To run these tests, first obtain the repository:
> git clone https://github.com/kestreltechnology/CodeHawk-C-Targets-Juliet.git
and set the path in chc/util/ConfigLocal.py (if not present, copy from ConfigLocal.template) in the targets property, e.g.,
juliettargets_home = os.path.expanduser('~') config.targets = { "juliet": os.path.join(juliettargets_home, "CodeHawk-C-Targets-Juliet/targets/juliettestcases.json") }
(modify juliettargets_home to reflect your local path to the CodeHawk-C-Targets-Juliet repository).

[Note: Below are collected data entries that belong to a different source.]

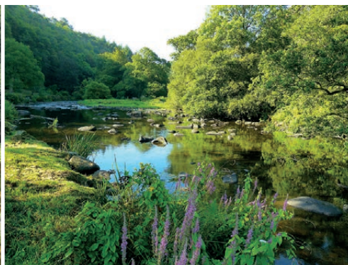
L'Isolé à St Thurien, Moulin Richet
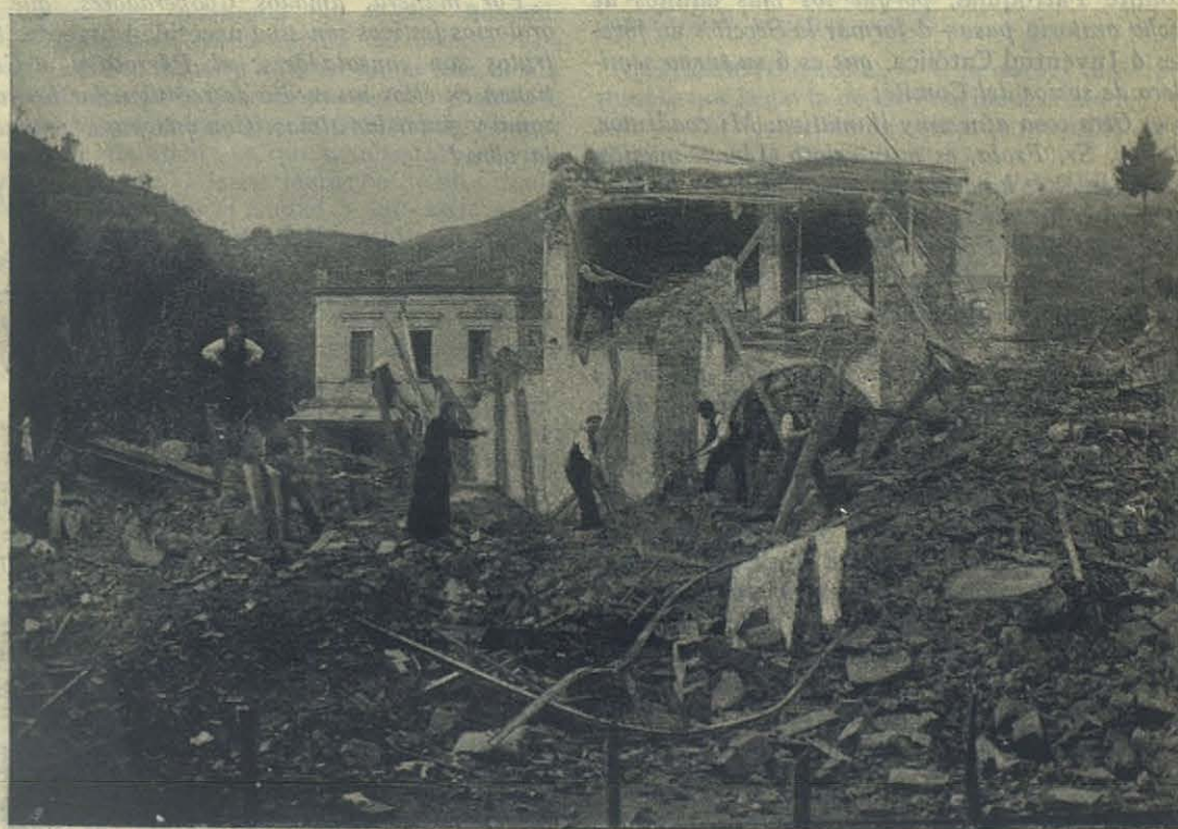
MESSINA — El Colegio S. Luis, visto desde el patio.

tigo alumno de ese Oratorio que nació y vive de la Providencia; yo, en pobre y alpestre parroquia no debía retroceder. Pedí auxilios acá y allá, pero especialmente entre los feligreses, quienes me secundaron con verdadero entusiasmo. Y el edificio necesario se levantó, y el Oratorio de mis sueños fué una realidad, y todo con limosnas insignificantes. Sí, con oblaciones de la genie del pueblo. Todo esto está perpetuado en una lápida de mármol con caracteres de oro, que se ve en el frontispicio del Instituto. En el año santo (1900), lo inauguró solemnemente S. Sia. Ilma. y Revma. Mons.
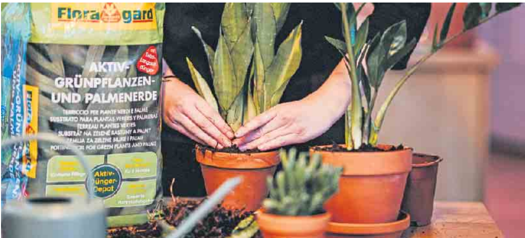
Praktisch sind Erden mit Langzeitdünger, sodass für bis zu drei Monate nicht nachgedüngt werden muss.

Richtig anpflanzen oder umtopfen Allerdings ist nicht jede Zimmerpflanze so anspruchslos wie die genannten pflegeleichten Arten. So benötigen Kakteen beispielsweise eine sehr durchlässige Erde mit einem hohen Anteil an Sand. Zimmerorchideen wiederum wünschen sich ein lockeres, nährstoffarmes Substrat mit grober Pinienrinde und Kokos für eine ausreichende Luftversorgung der empfindlichen Wurzeln. In diesem Fall sollten Freizeitgärtner zu Spezialerden greifen, unter www.floragard.de gibt es dazu mehr Informationen und viele nützliche Pflegehinweise. Tipp: Das Ende der Wachstumsruhe im Frühjahr ist ein guter Zeitpunkt zum Umtopfen. Zimmer- und Kübelpflanzen sollte man je nach Pflanzenart und Wuchs etwa alle ein bis drei Jahre umtopfen - oder spätestens dann, wenn der Topf zu klein wird. Auch dabei empfiehlt es sich, eine hochwertige, frische Pflanzenerde zu verwenden. Die Blütezeit hingegen sollte man für ein Umtopfen vermeiden, da die Pflanzen dann die volle Kraft für ihr Wachstum benötigen. (DJD)
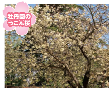
牡丹園のうこん桜

翠ヶ丘公園を流れる須賀川の両岸約1kmにわたり180本ほどの桜並木が続き、休日には観光客でにぎわう。
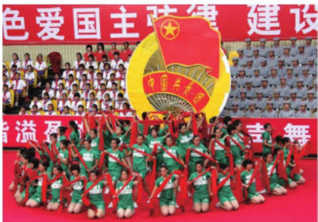
大连市旅顺口区庆祝新中国成立60周年大型歌舞展演
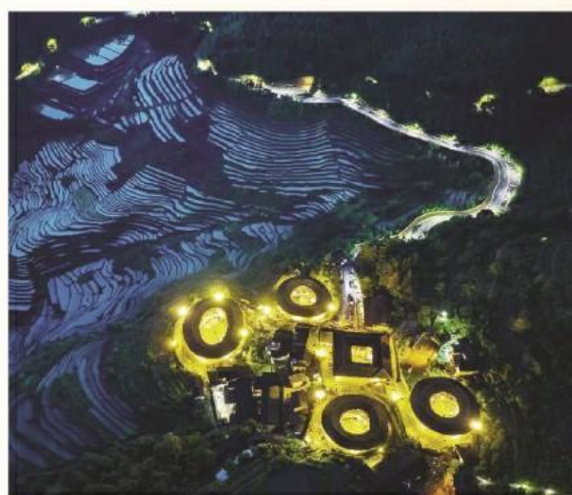
天街夜色凉如水,人间福地暖如春。
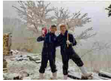
20代男性2名 (イスラエル)
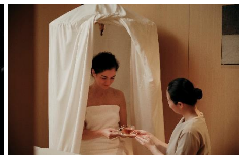
温活スパプラン「THE ROKU SPA ハーバルスチーム&トリートメント」
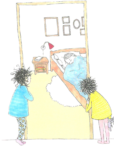
Bild 10. Barnen betraktar sin utmattade mamma. Ur Buller om huller i Mamma Grå (2018) av Jessica Hedberg och Eva Forssell. © Eva Forssell.

en potentiellt smärtsam konfrontation med rädslor och skuldkänslor inför den egna oförmågan att modra och de konsekvenser som detta kan få för barnet. I skarp kontrast till dessa vuxna erfarenheter av att inte räcka till, framstår de goda stundernas närhet och värme som tröstande. De berättar om begäret efter att kärnan i relationen till barnet – den ömsesidiga kärleken – ska kunna bestå trots att föräldern inte förmår vara emotionellt tillgänglig och villkorslöst själv-uppoffrande, men också om föräldrarnas begär efter att själv bli bekräftad och omhändertagen genom barnets empati. Påfallande ofta skildras högläsningen som en del av de goda stunderna mellan barn och modrande vuxen och får då funktionen av en reparativ akt där kärlek och förtrolighet kan återupprättas. 13 Läsningen som väg till läkning för både barnet och den vuxna, aktualiseras även på metanivå i relation till sjukdomsböckernas biblioterapeutiska syfte; det samtal som i böckerna är lösningen på barnets kris är en direkt spegling av det verkliga samtalet mellan barnläsare och vuxen medläsare som högläsningen kan initiera.
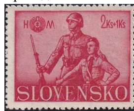
81.Марка Словакии для воюющих солдат Гвардии Глинки, 1942г.
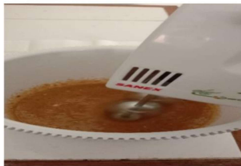
Proses Pembuatan Minuman Serbuk
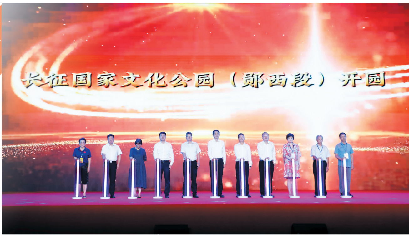
长征国家文化公园(郧西段)开园仪式。

今年以来,郧西县以长征国家文化公园(郧西段)建设为契机,开展红色文化研讨、经贸洽谈和高端智库专家郧西行等活动,签约项目数量、农特产品销售额、旅游收入刷新历史纪录,实现“文化赋能经济 经济焕新文化”,让老区人民的生活更加美好、更加幸福!
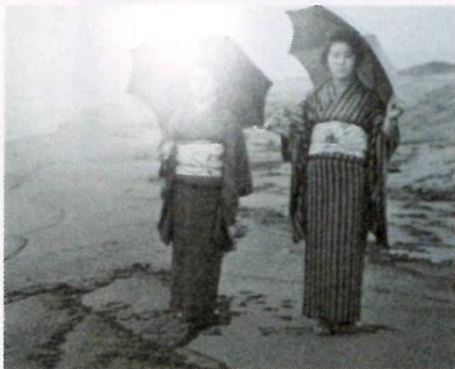
大浜海岸を散歩する女性(大正時代)
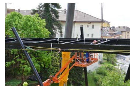
Montage de la passerelle
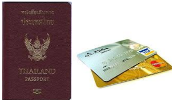
รูปที่ ๑.๑๑ รูปสื่อประเภทสิ่งพิมพ์มีค่า

๓.๖ สิ่งพิมพ์มีค่า เป็นสื่อสิ่งพิมพ์ที่เน้นการนำไปใช้เป็นหลักฐานสำคัญต่าง ๆ ซึ่งกำหนดตามกฎหมาย เช่น ธนาณัติ บัตรเครดิต เช็คราคาบัตร ตัวแลกเงิน หนังสือเดินทาง โฉนด เป็นต้น
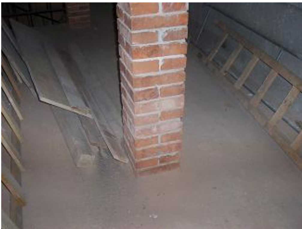
detail - na kûru
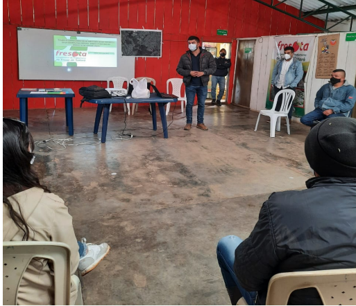
Figura 5. Presentación del equipo técnico
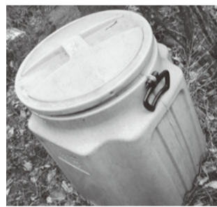
▲生ごみたい肥化装置

食料品は必要な量だけを購入しましょう。また、生ごみを排出する際は十分に水切りを行い、かさを減らしましょう。生ごみはたい肥化することで大幅な減量化が可能です。生ごみたい肥化装置の設置補助金制度を活用しましょう。
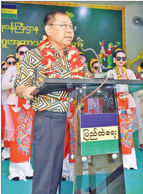
မြန်မာ့ရိုးရာမဟာသင်္ကြန်ပွဲတော်ကို ဖဲကြိုးဖြတ်ဖွင့်လှစ်ပေးသည်။ ဆက်လက်၍ ဒုတိယဝန်ကြီးချုပ်နှင့် ပြည်ထောင်စုဝန်ကြီး ဒုတိယဗိုလ်ချုပ်ကြီး စိုးထွဋ်နှင့် ဇနီး၊ ဦးဆောင်သော အဖွဲ့က ယိမ်းအကအဖွဲ့များနှင့် တက်ရောက်လာသူများကို အတာသင်္ကြန်ရေဖြင့် ပက်ဖျန်းပေးခဲ့ပြီး

ပြည်ထဲရေးဝန်ကြီးဌာနမိသားစု မြန်မာ့ရိုးရာမဟာသင်္ကြန်ပွဲတော် ဖွင့်ပွဲအခမ်းအနားတွင် ဒုတိယဝန်ကြီးချုပ်နှင့် ပြည်ထောင်စုဝန်ကြီး ဒုတိယဗိုလ်ချုပ်ကြီး စိုးထွဋ် က နှစ်သစ်ကူးနှုတ်ခွန်းဆက် အမှာစကား ပြောကြားပြီး (အပေါ်ယာပုံ) ဒုတိယဝန်ကြီးချုပ်နှင့် ပြည်ထောင်စုဝန်ကြီး ဒုတိယဗိုလ်ချုပ်ကြီး စိုးထွဋ်၊ ဒုတိယဝန်ကြီး ဗိုလ်ချုပ် တိုးရီနှင့် ဒုတိယဝန်ကြီး မြန်မာနိုင်ငံရဲတပ်ဖွဲ့ ရဲချုပ် ဗိုလ်ချုပ် ဇင်မင်းထက်တို့က

To check the configuration and analyze one of the tests:
> export PYTHONPATH=$HOME/CodeHawk-C > cd CodeHawk-C/chc/cmdline/juliet > python chc_check_config.py > python chc_analyze_juliettest.py CWE121 CWE129_large > python chc_score_juliettest.py CWE121 CWE129_large > python chc_report_juliettest.py CWE121 CWE129_large
Analysis of individual tests takes a few minutes or less than a minute if using multiple cores (use the --maxprocesses commandline argument to indicate the number of processors). More detailed descriptions of the scripts available for the Juliet tests are available here.
This repository contains the source code of the python infrastructure that invokes the parser and analyzer and interprets and reports the results. The source code for the parser and analyzer (written in OCaml) is provided on GitHub at https://github.com/kestreltechnology/codehawk in the CodeHawk/CHC directory.
Pre-parsed analysis targets are provided in separate repositories:
- CodeHawk-C-Targets-Misc: miscellaneous small c applications to demonstrate the use of function contracts and the analysis in general
- CodeHawk-C-Targets-Juliet: Juliet Test Suite v1.3 test cases (from NIST)
The development of the CodeHawk C Source Code Analyzer was sponsored in part by the Department of Homeland Security and the Air Force Research Laboratory under contract #FA8750-12-C-0277. The content of the information does not necessarily reflect the position or policy of the Government and no official endorsement should be inferred.